| Problem requirements |
Please repeat the records below exactly, skipping any pictures.

[Items listed in a dataset]
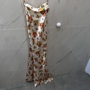 Satin floral dress. Asymmetrical detailing. Never worn. Boutique purchase.
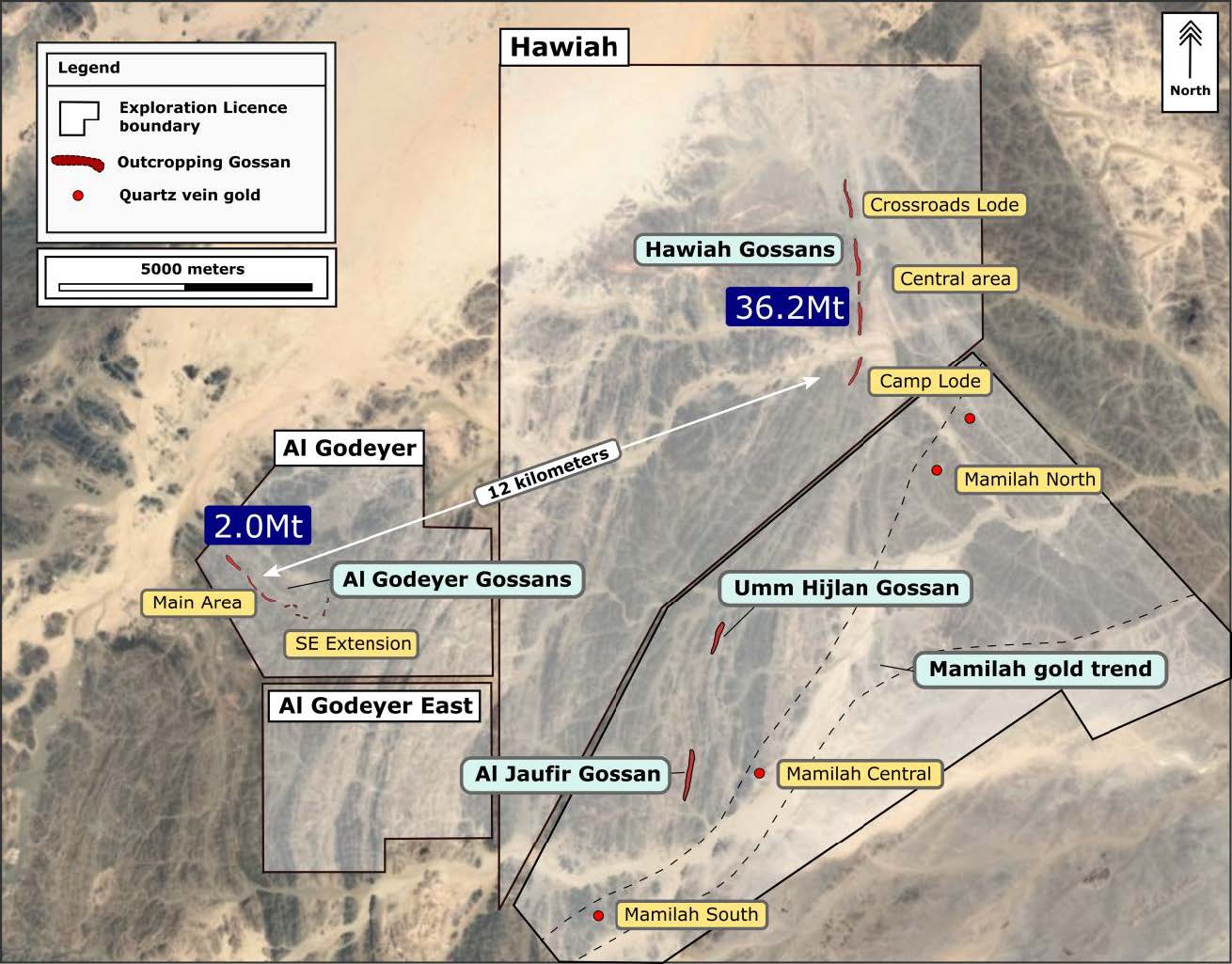 - Maiden Resources have also been declared at the proximal Al Godeyer deposit of 2.0Mt
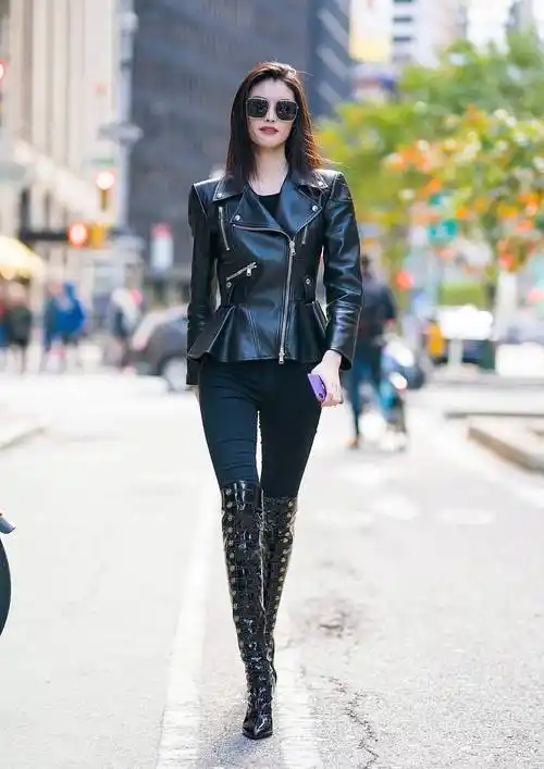 街拍:帅气的皮夹克美女,霸气十足,气场全开_皮衣_黑色_高跟鞋
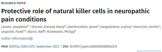 NK細胞在我們的免疫系統中扮演著重要的角色。它們在體內的作用包括攻擊腫瘤或病毒,急性疼痛時NK細胞活性增加。然而,在經歷慢性疼痛的人群中,NK細胞的效力似乎有所下降。如果NK細胞群的功能不完整,可能會使人無法長期解決神經性疼痛。
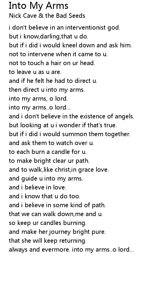 into my arms, o lord. |
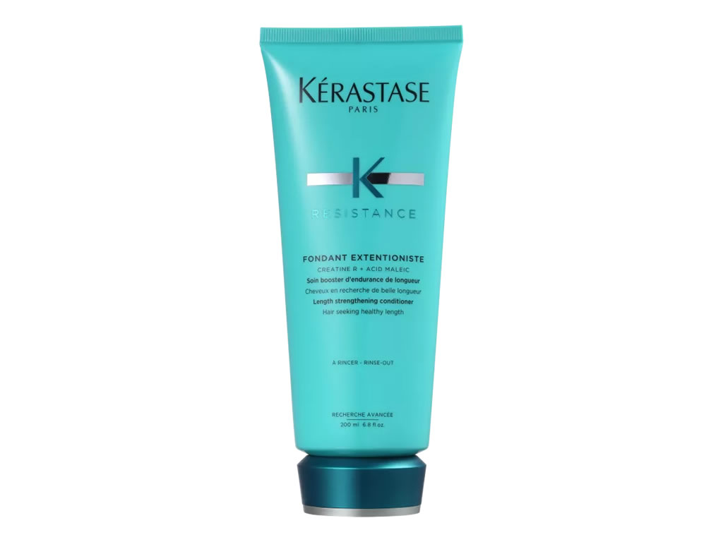 Condicionador para cabelos finos danificados e sem crescimento. Kérastase Résistance Fondant Extentioniste fortalece a estrutura e desembaraça. sem quebrar. Sua fórmula ainda resgata a flexibilidade e o toque sedoso.
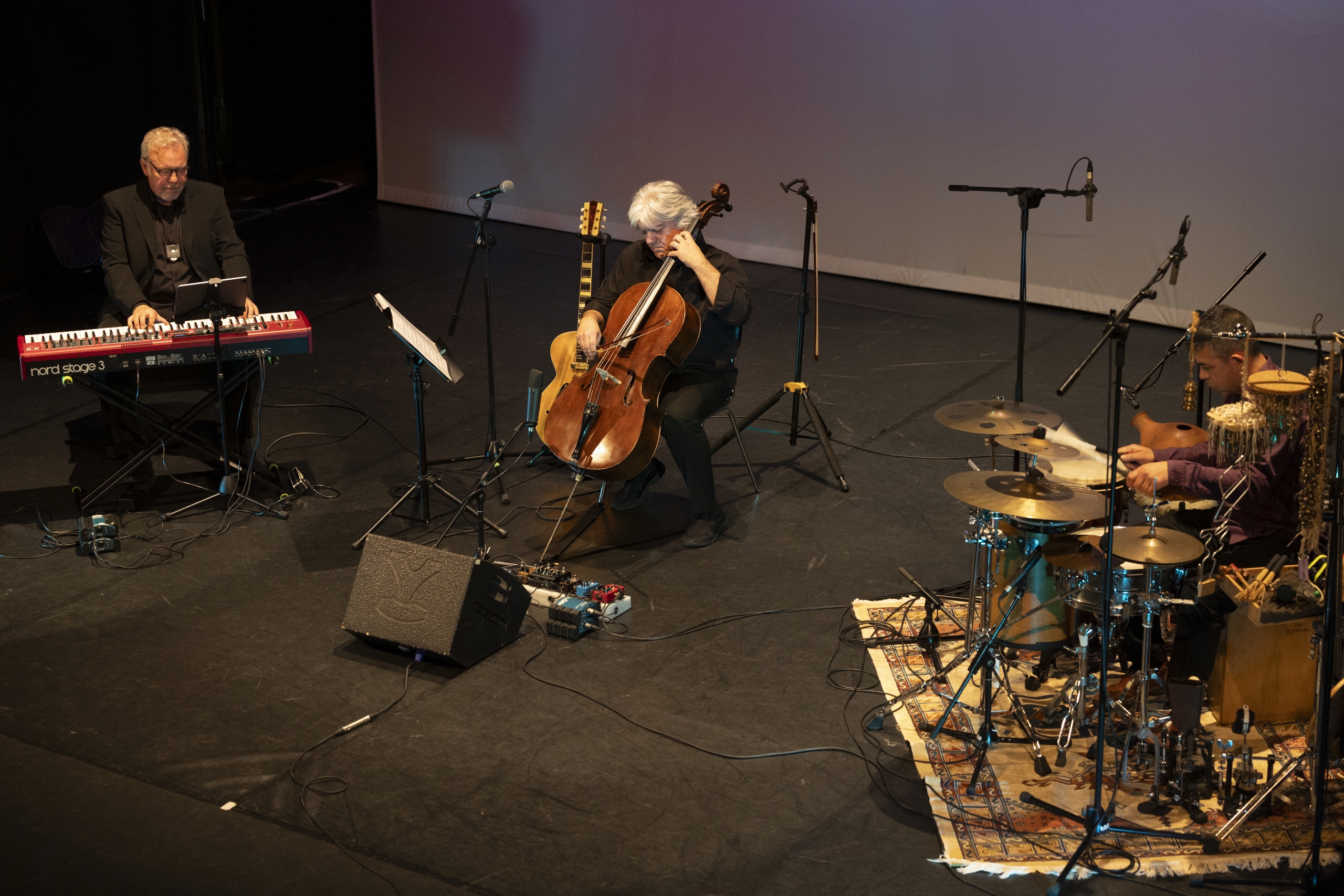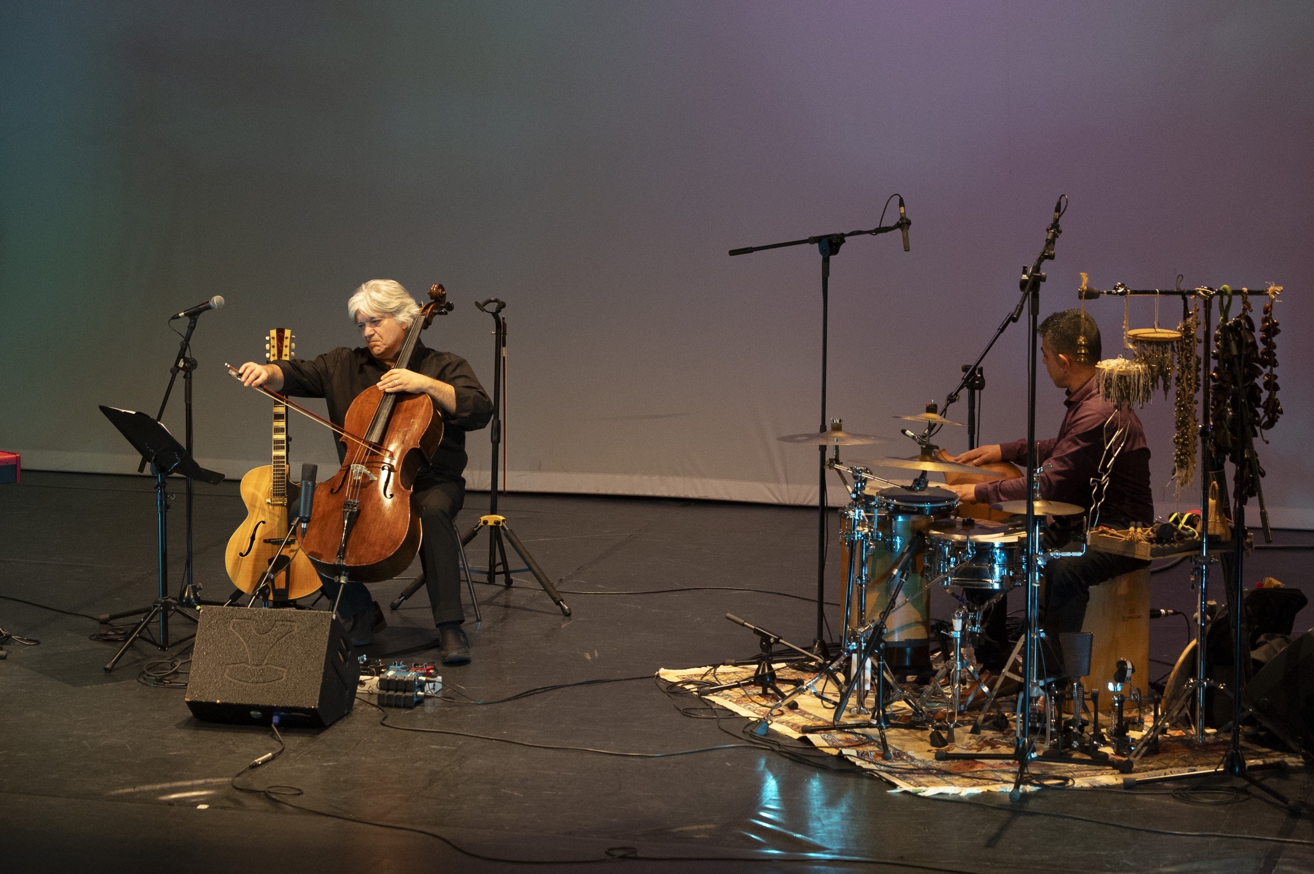 Davide Zaccaria | Violoncelista, guitarrista e compositor italiano residente em Portugal desde 2001. Colaborou com alguns dos mais conceituados cantores portugueses: Dulce Pontes, Paulo de Carvalho, Mariza, Jorge Fernando, Ana Moura. Realizou e editou projetos como: Por Terras do Zeca (Tributa a José Afonso com 4 CD editados), Terra d’Água – (Re)cantos da Alma (com Maria Anadon). Compôs várias bandas sonoras para teatro, como Medeia (Teatro Livre), O Triunfo Silencioso (Eurico Lopes e Beto Coville), Testamento de Maria (Luísa Ortigoso), O Filho da Rainha e a Mãe do Rei (Teatro Livre). Em 2023 realizou o Projeto Humanitário Crianças Pela Paz com 14 duetos entre grandes nomes da música portuguesa e crianças refugiadas e carenciadas.
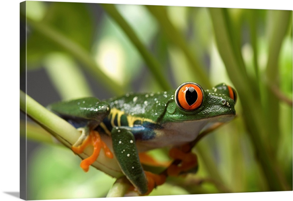 <p>Portrait of a red-eyed tree frog (agalychnis callidryas) at the sunset zoo, Manhattan, Kansas, united states of America.</p>
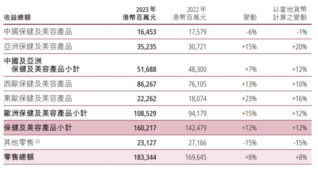今年3月,屈臣氏母公司長江和記發(fā)布了2023年年報,當(dāng)中提到,目前屈臣氏在全球28個國家經(jīng)營16500間門店,并擁有12個零售品牌;去年收入1833.4億元,按年度增長為8%,全球收益漸漸回暖。
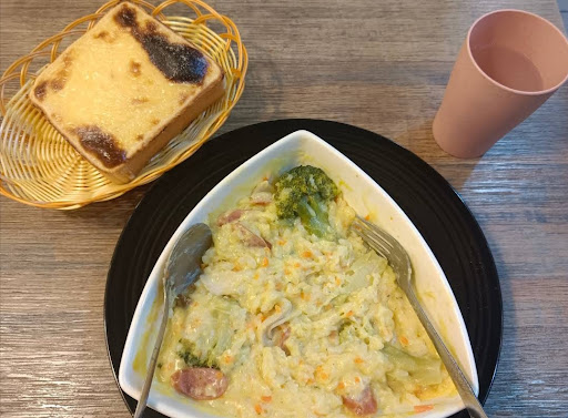 Read more超級平價的義式餐廳點了個安全牌的白醬焗烤飯,蠻對我的胃口,這是我吃過料蠻多的義式餐廳了吧!每個餐點「量」超足吃完很飽,很適合學生來吃CP值超高👍
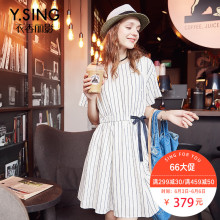衣香丽影2017夏装新款系带松紧腰修身显瘦短袖条纹连衣裙A字裙子
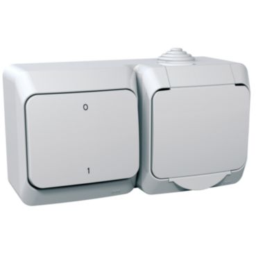 Cedar Plus IP44 - Zásuvka SCHUKO 230V 16A a spínač dvojpólový řazení 2, bílá *WDE000502 Schneider
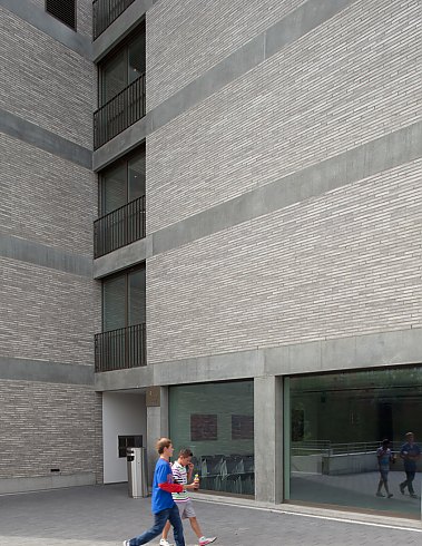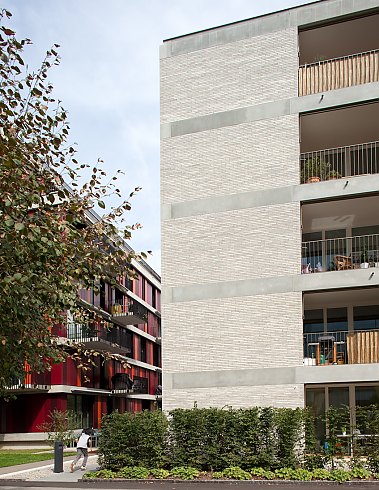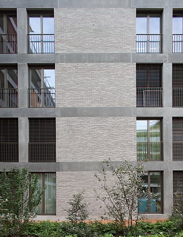 Die Fassaden der Baukörper sind geprägt von einer Gitterstruktur aus rhythmisierten, horizontal geschichteten und vertikal gestellten Betonelementen, raumhohen Glas- bzw. Fenstereinsätzen sowie offenen Loggien und Sichtmauerwerksflächen. Das Zusammenspiel der Materialien von glatten, präzise vorgefertigten Betonelementen und handgefertigten, gedämpften dänischen Backsteinen im dünnen Langformat ergibt dabei ein spannungsvolles Ganzes.
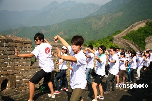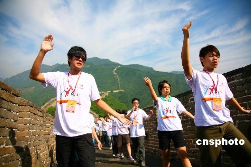 7月15日,兩岸青少年正在北京懷柔慕田峪長城舞太極。當日,北京市人民政府臺灣事務(wù)辦公室與懷柔區(qū)人民政府在懷柔慕田峪長城舉辦“兩岸青年舞動太極聚長城”活動,臺灣大學、臺中技術(shù)大學、基隆市二信中學、嘉義東石學校、新竹中信學校等院校的學生,國民黨青年發(fā)展基金會、臺灣工藝發(fā)展協(xié)會等社會團體組織成員,與北京600余名師生歡聚長城共舞太極。本次活動是“青春牽兩岸,十年大聚首——京臺青少年交流周”活動重要組成部分,旨在發(fā)揚中華民族傳統(tǒng)文化,聯(lián)絡(luò)兩岸師生感情,讓長城見證兩岸青少年的友情地久天長。中新社發(fā) 卜向東 攝
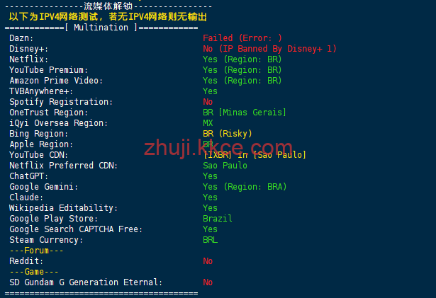 - 高权重资源:分配纯净的巴西原生 IP,具备极高的本地化识别特征(Native IP)。根据测试结果,该 IP 完美解锁 Netflix (BR)、YouTube Premium (BR) 及 ChatGPT (BR),在流量触发及账号权重判定中具备天然优势,能够稳健应对南美主流平台的风控审查。
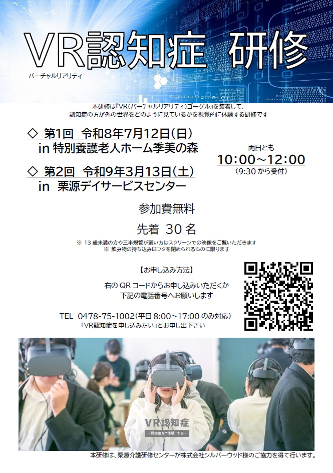 『VR認知症研修』は上の写真のとおり、VRゴーグルをご装着いただいて、認知症の方が見ている世界を視覚的に体験する新しい形の体験型研修です。
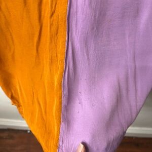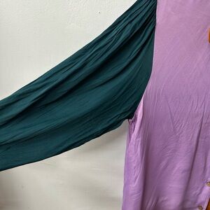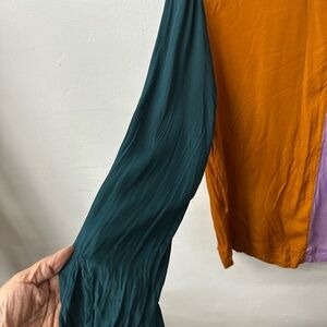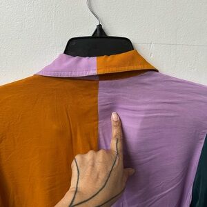Colorful button-down with bold patch pocket. Features purple, orange, and red with dark green sleeves. Eye-catching and stylish.

| Written answer |
 Satin floral dress. Asymmetrical detailing. Never worn. Boutique purchase.
 - Maiden Resources have also been declared at the proximal Al Godeyer deposit of 2.0Mt
 街拍:帅气的皮夹克美女,霸气十足,气场全开_皮衣_黑色_高跟鞋
 NK細胞在我們的免疫系統中扮演著重要的角色。它們在體內的作用包括攻擊腫瘤或病毒,急性疼痛時NK細胞活性增加。然而,在經歷慢性疼痛的人群中,NK細胞的效力似乎有所下降。如果NK細胞群的功能不完整,可能會使人無法長期解決神經性疼痛。
 into my arms, o lord. |
 Condicionador para cabelos finos danificados e sem crescimento. Kérastase Résistance Fondant Extentioniste fortalece a estrutura e desembaraça. sem quebrar. Sua fórmula ainda resgata a flexibilidade e o toque sedoso.
 Davide Zaccaria | Violoncelista, guitarrista e compositor italiano residente em Portugal desde 2001. Colaborou com alguns dos mais conceituados cantores portugueses: Dulce Pontes, Paulo de Carvalho, Mariza, Jorge Fernando, Ana Moura. Realizou e editou projetos como: Por Terras do Zeca (Tributa a José Afonso com 4 CD editados), Terra d’Água – (Re)cantos da Alma (com Maria Anadon). Compôs várias bandas sonoras para teatro, como Medeia (Teatro Livre), O Triunfo Silencioso (Eurico Lopes e Beto Coville), Testamento de Maria (Luísa Ortigoso), O Filho da Rainha e a Mãe do Rei (Teatro Livre). Em 2023 realizou o Projeto Humanitário Crianças Pela Paz com 14 duetos entre grandes nomes da música portuguesa e crianças refugiadas e carenciadas.
 <p>Portrait of a red-eyed tree frog (agalychnis callidryas) at the sunset zoo, Manhattan, Kansas, united states of America.</p>
今年3月,屈臣氏母公司長江和記發(fā)布了2023年年報,當(dāng)中提到,目前屈臣氏在全球28個國家經(jīng)營16500間門店,并擁有12個零售品牌;去年收入1833.4億元,按年度增長為8%,全球收益漸漸回暖。
 Read more超級平價的義式餐廳點了個安全牌的白醬焗烤飯,蠻對我的胃口,這是我吃過料蠻多的義式餐廳了吧!每個餐點「量」超足吃完很飽,很適合學生來吃CP值超高👍
衣香丽影2017夏装新款系带松紧腰修身显瘦短袖条纹连衣裙A字裙子
 Cedar Plus IP44 - Zásuvka SCHUKO 230V 16A a spínač dvojpólový řazení 2, bílá *WDE000502 Schneider
 Die Fassaden der Baukörper sind geprägt von einer Gitterstruktur aus rhythmisierten, horizontal geschichteten und vertikal gestellten Betonelementen, raumhohen Glas- bzw. Fenstereinsätzen sowie offenen Loggien und Sichtmauerwerksflächen. Das Zusammenspiel der Materialien von glatten, präzise vorgefertigten Betonelementen und handgefertigten, gedämpften dänischen Backsteinen im dünnen Langformat ergibt dabei ein spannungsvolles Ganzes.
 7月15日,兩岸青少年正在北京懷柔慕田峪長城舞太極。當日,北京市人民政府臺灣事務(wù)辦公室與懷柔區(qū)人民政府在懷柔慕田峪長城舉辦“兩岸青年舞動太極聚長城”活動,臺灣大學、臺中技術(shù)大學、基隆市二信中學、嘉義東石學校、新竹中信學校等院校的學生,國民黨青年發(fā)展基金會、臺灣工藝發(fā)展協(xié)會等社會團體組織成員,與北京600余名師生歡聚長城共舞太極。本次活動是“青春牽兩岸,十年大聚首——京臺青少年交流周”活動重要組成部分,旨在發(fā)揚中華民族傳統(tǒng)文化,聯(lián)絡(luò)兩岸師生感情,讓長城見證兩岸青少年的友情地久天長。中新社發(fā) 卜向東 攝
 - 高权重资源:分配纯净的巴西原生 IP,具备极高的本地化识别特征(Native IP)。根据测试结果,该 IP 完美解锁 Netflix (BR)、YouTube Premium (BR) 及 ChatGPT (BR),在流量触发及账号权重判定中具备天然优势,能够稳健应对南美主流平台的风控审查。
 『VR認知症研修』は上の写真のとおり、VRゴーグルをご装着いただいて、認知症の方が見ている世界を視覚的に体験する新しい形の体験型研修です。
Colorful button-down with bold patch pocket. Features purple, orange, and red with dark green sleeves. Eye-catching and stylish.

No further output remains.